I reach into my pocket for the piece of paper, the note to myself.

If I’m asking, then I can’t be.

I quickly close out of those pages and frown, struggling to think. I learned in school about a neuroscience facility close to Lyndale, and I’ve seen a few ads for it. I can’t think of the name, though, so I type “neuroscience facility Lyndale” into the search engine. Nothing.

How is that possible?

I know it exists.

After a few minutes of racking my brain, the name comes back.

Overton.

I put it into the engine, but there’s nothing.

Did you mean:Over townorOver a ton.

I’m pretty sure it’s Overton.

I pull out my phone and try again, but I get the same ridiculous results. Do I have the name wrong?

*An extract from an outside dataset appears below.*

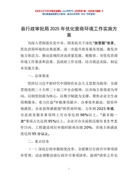 / 县行政审批局2025年优化营商环境工作实施方案

Neither my phone nor my computer is yielding anything useful. It’s not the first time I haven’t been able to find something on my computer, thanks to the insane parental controls my mom has had on there since I was in middle school and Channel Se7en ran some story on child predators and Internet safety. I’ve never figured out how to get around them.

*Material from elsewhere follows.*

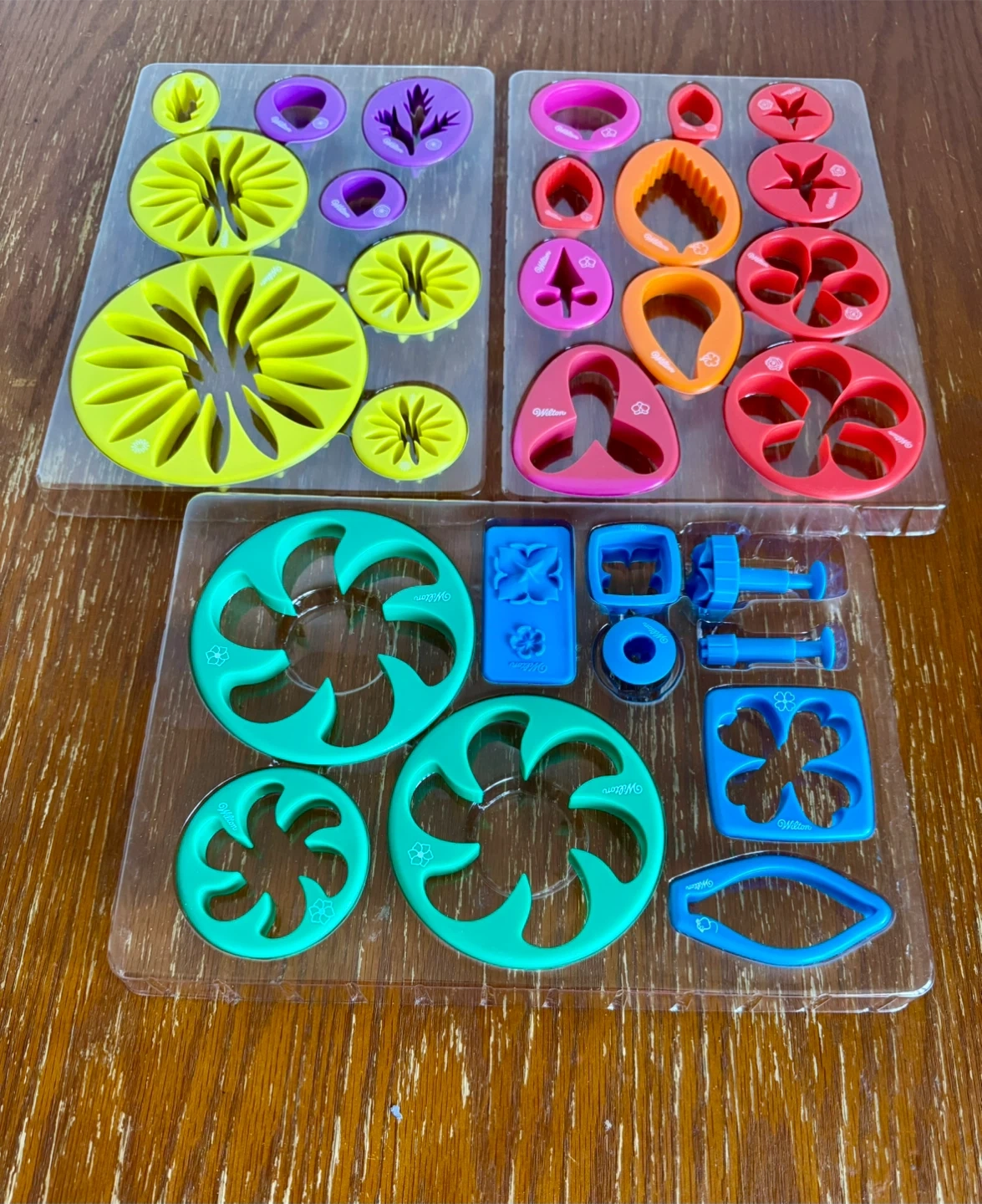 Selling creative with this Wilton gum paste flower cutter set! It comes with a variety of colourful cutters to help you make beautiful flowers for your cakes and other treats. The set includes a helpful instruction booklet to guide you through the process. Perfect for both beginners and experienced cake decorators!

When I crack open my bedroom door, I can hear my brother downstairs eating dinner, so I tiptoe down the hall.

I don’t just avoid Caleb’s room because we’re not particularly close; I avoid Caleb’s room because I value my life. Simply making it the approximately five feet from his door to his computer, I nearly lose my leg. There are clothes everywhere, three bowls with varying levels of moldy cereal, and books and papers covering every inch of his desk. His wall is plastered with pictures of different types of aircraft and a poster of Captain Chesley “Sully” Sullenberger, the pilot who successfully landed a plane in the Hudson River during an emergency.